Rayhill, along with Gianluca Avanzato ’18, from September 2018 to June 2019, will study abroad in Athens, Greece and Berlin, Germany, respectively.
The two seniors are recipients of the English Teaching Assistant Fulbright scholarship (ETA).
“I came back from my study abroad term in India and I knew that I wanted to help people and travel the world and positively impact every environment I could find myself in,” Rayhill said.
As a part of the ETA program, Rayhill and Avanzato will assist local teachers in teaching English.
According to Rayhill, she had accepted a job in insurance before receiving her Fulbright grant.
She feels that this program is an opportunity to expand her horizons beyond what she had previously seen as possible.
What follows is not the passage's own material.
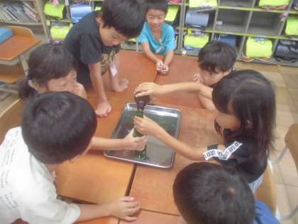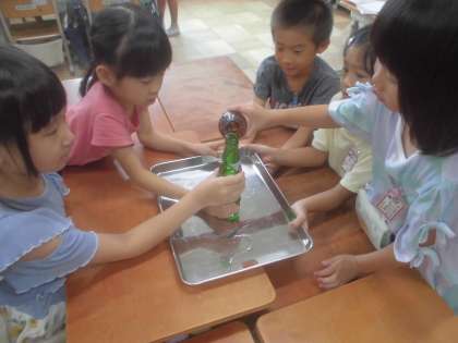 班で水を移し替えて「あふれるかな?」と実際に水を入れてやってみます。
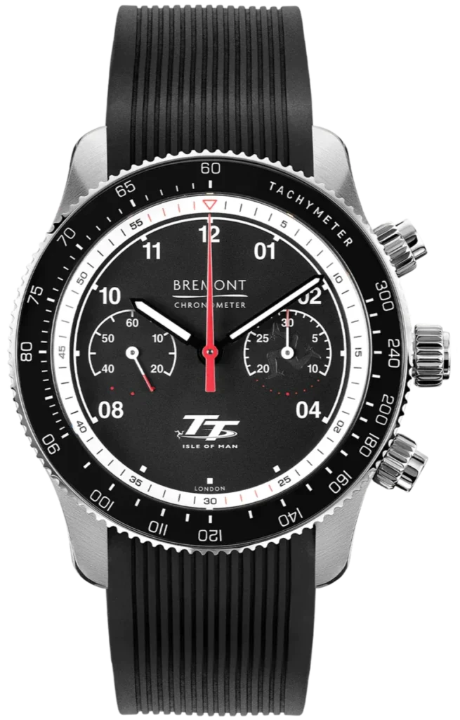 The new 43mm Bremont Isle of Man TT chronograph is a stainless-steel watch with a Trip-Tick case, a bi-directional rotating ceramic bezel, and a 42-hour power reserve. The black dial features the Isle of Man TT logo at the 6 o’clock position and a subtle debossing of the Isle of Man triskelion on the 3 o’clock sub-dial.

Rayhill will graduate with an interdisciplinary major in English and Anthropology with a minor in Environmental Science in June.
“I had studied in Greece for two summers researching sea turtles, so I knew that I loved the country… The first place I had ever gone abroad by myself and I read the candidate profile while I was at work study and I got chills. It was as if someone had followed me around for a month and wrote a profile for so I knew that I absolutely had to apply to this one even if there is a very low chance that I’ll get in,” Rayhill said.
In order to be granted their scholarships, both Rayhill and Avanzato had to go through a highly competitive application process that lasted from September to March.
“I always wanted to go back to Germany and Fulbright just seemed like a really good option. I also like teaching and I like language, all those reasons made it appealing,” Avanzato said.
Avanzato is a Political Science major with minors in German and Classical Studies. After his year in Berlin, he plans to go to graduate school and eventually pursue a PhD, possibly in Composition and Rhetoric. He hopes to become a college professor.
“The wonderful thing about this is that it gives me a year to read and write and be in a different country and meet different people.
It just opens up so many more possibilities than if I didn’t get it. I don’t feel locked into place,” Avanzato said. “The US sends students off to different parts of the world to be English teaching assistants or researchers and the idea is that they’re trying to promote good will between nations,” Avanzato said.
The Fulbright Scholarship is a competitive, merit-based scholarship program that awards grants for international exchange.
The program was proposed to Congress in 1945 by Senator J. William Fulbright and was signed into law the next year by President Harry S. Truman.
Since then, the program has expanded and now involves programs in over 160 countries, over 1,900 scholarships are offered and 8,000 grants are given annually.
“Now that I finally have it is literally unreal. It’s not going to be real until I am in Athens and then I will be literally unable to speak… That is an incredible, incredible thing and I cannot believe that I have been so blessed as to have received it,” Rayhill said.